Rufus cleared his throat. "We've solved the power issues, and we can shut the device down safely. Turns out that there's a machine in the vicinity that can provide enough power to slowly turn down the field so we don't all end up punctured by a penny at 460 metres per second."
Howard pouted. "He won't tell me what it is, though."
"It's classified!" Rufus and Lucy said at the same time, and Angie laughed.
"Nice to see that one turned back on you, Howard!"
With the massive energy from the time capsule available to Howard's machine, it slowed down and shut off with a sad thunk, which Lucy thought highly preferable to a high-speed blast of shrapnel.
"Please show me your energy source," Howard begged Rufus, offering him, in order, money, the best night of his life, a job and a look at his lab. Rufus looked terribly torn at the last, but Lucy stood firm.

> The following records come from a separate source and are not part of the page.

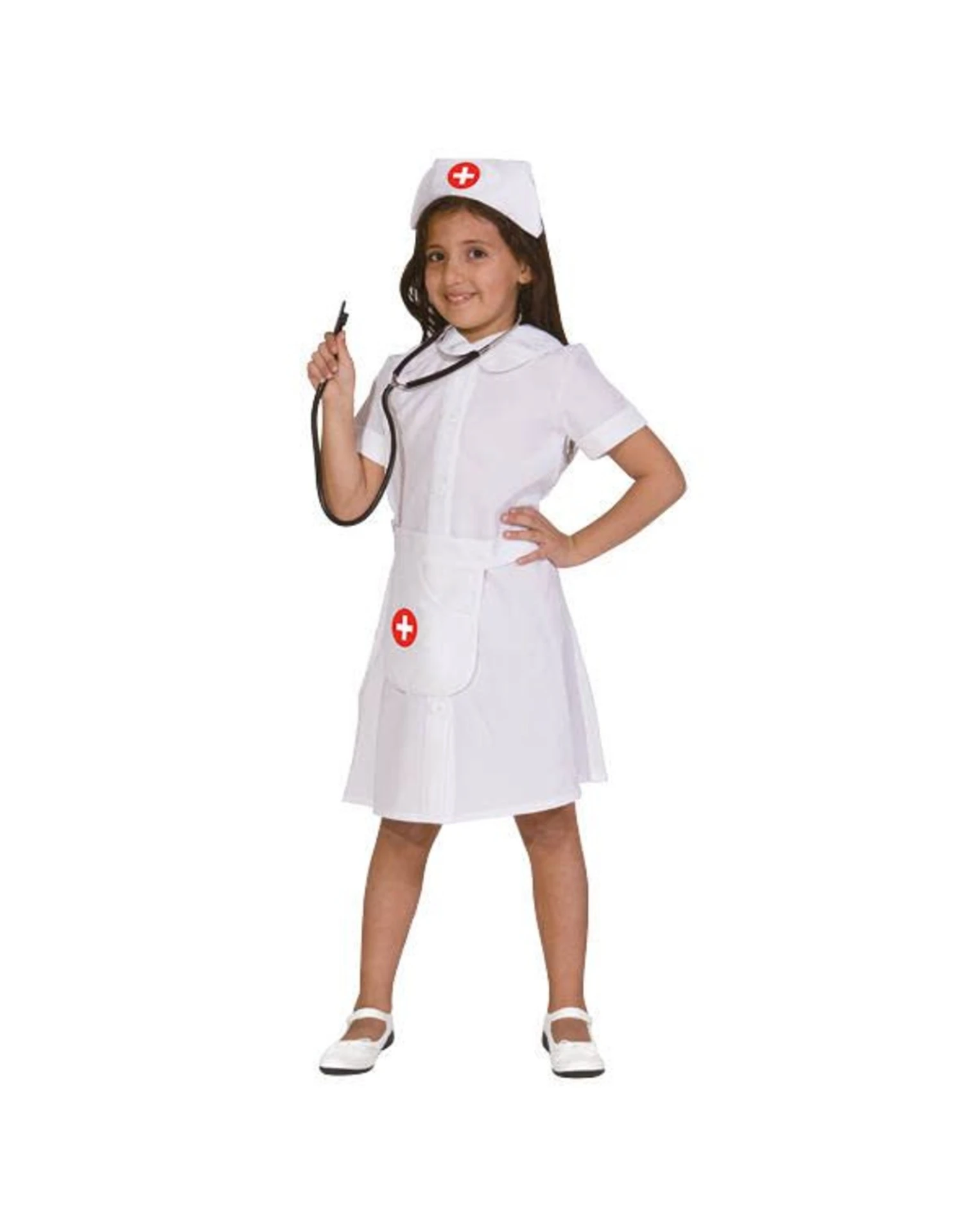 Dit kostuum bestaat uit een jurk en verpleegsterskapje
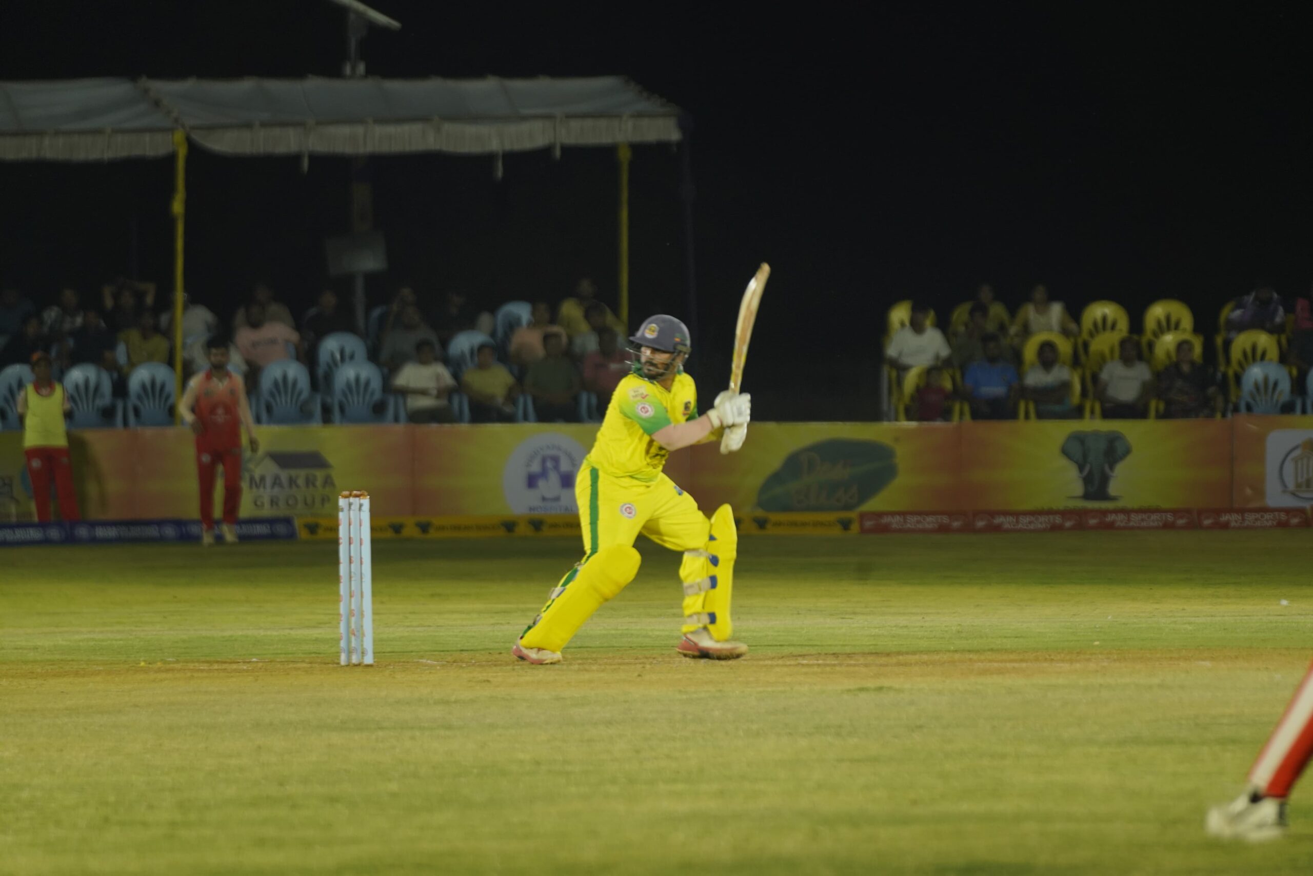 सलामीवीर मानस विजय पाटील १० धावांवर बाद झाल्यानंतर, राम राठोडने आक्रमक पवित्रा घेत २८ चेंडूत ४३ धावा काढल्यात. यात त्याने ४ चौकार, ३ उत्तुंग षटकार खेचले. मात्र, एका बाजूने विकेट्स पडताना प्रद्युम्न महाजनने खिंड लढवली. त्याने ४३ चेंडूत ५ चौकार आणि २ षटकारांच्या मदतीने नाबाद ६१ धावांची महत्त्वपूर्ण खेळी साकारली. क्रिषी नथानीने ३३ धावांचे योगदान देत त्याला उत्तम साथ दिली. जामनेरचा डाव ५ बाद १६० धावांवर स्थिरावला.
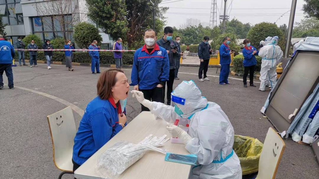 “不出公司大門就可以進(jìn)行核酸采樣,做完就可以直接回到工作崗位上,既節(jié)省了時(shí)間,又不耽誤工作,還不擔(dān)心交叉感染,真的特別方便。”生產(chǎn)系統(tǒng)員工紛紛稱贊。

"No, absolutely not. And if you try to follow us I'll have to shoot you."
Strangely enough, that finally stopped Howard in his tracks, and made Angie giggle.

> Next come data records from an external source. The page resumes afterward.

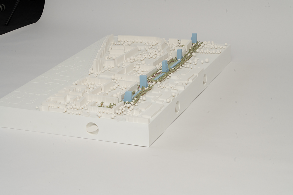 Entlang der Vulkanstraße schlägt unser Projekt an fünf strategischen Punkten städtebaulich klar verankerte und entsprechend ihrer kontextuellen Einbettung orientierte Hochhäuser vor. In ihrer Positionierung beeinflussen sie den Ausblick und die Belichtung des Bestands nur minimal. Die 20-geschossigen Türme greifen die im Quartier bereits bestehende Hochpunkt-Typologie auf und ergänzen damit das bestehende Ensemble aus drei Hochhäusern nördlich der Landsberger Allee, dem Punkthochhaus am Roederplatz, den Hochhäusern im Fennpfuhlpark sowie dem Hochhaus an der Ecke Möllendorff-/Storkower Straße.
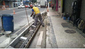 - Alargamento de um trecho da calçada da rua da Conceição - Centro (Nivelamento da base da calçada para aplicação de concreto e confecção de jardineira)
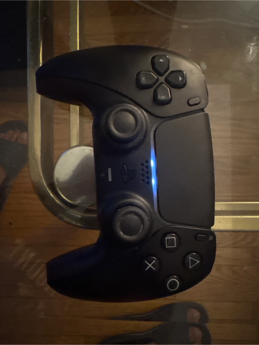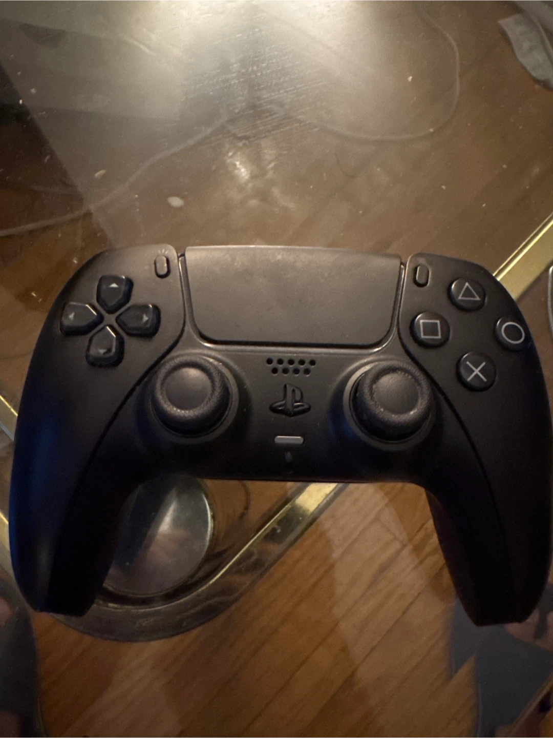 This is a black PlayStation 5 DualSense controller. It's a wireless controller for the PS5 console. It's black in colour.
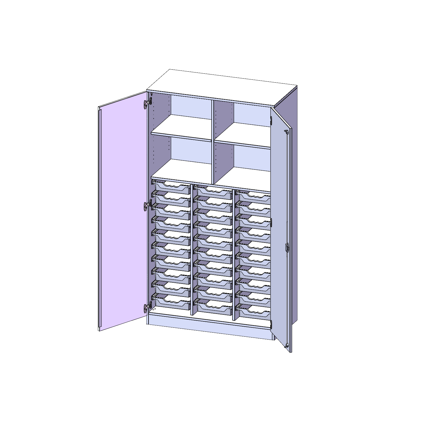 B/H/T: 104,5x190x50 cm, zweitürig, mit Sockel (81 mm), mit Mittelwand, mit 30 flachen ErgoTray Boxen

"I'm surprised that worked!" Lucy whispered to her. "He doesn't seem the type to be bothered by threats."
"Oh, anyone who's met my friend Peggy knows never to call an armed woman's bluff."
Leaving Howard behind, all but dragging Rufus away, Lucy and Angie headed back over to the ABC Paramount lot.
Angie kept her arm in Lucy's. "We probably won't even need those extra lights now that you've put a stop to the Stark Menace. Nearly an hour's shooting lost! I should send him a bill!"
"You probably should," Lucy agreed, enjoying the human contact now that she didn't have to lie to Angie any longer. As they came around the back of the warehouse where Wyatt and the time capsule awaited, Lucy put a hand on Angie's cheek. "Thank you."
"For tracking down Howard? No problem."
"More for reminding me to be myself. It's easy to get lost in a role sometimes."
Angie kissed her again, just lightly. "You hang on to your truth, okay? See you round, Lucy Pullman."
"I'm sure you will," Lucy smiled, and let Angie go, off into her future.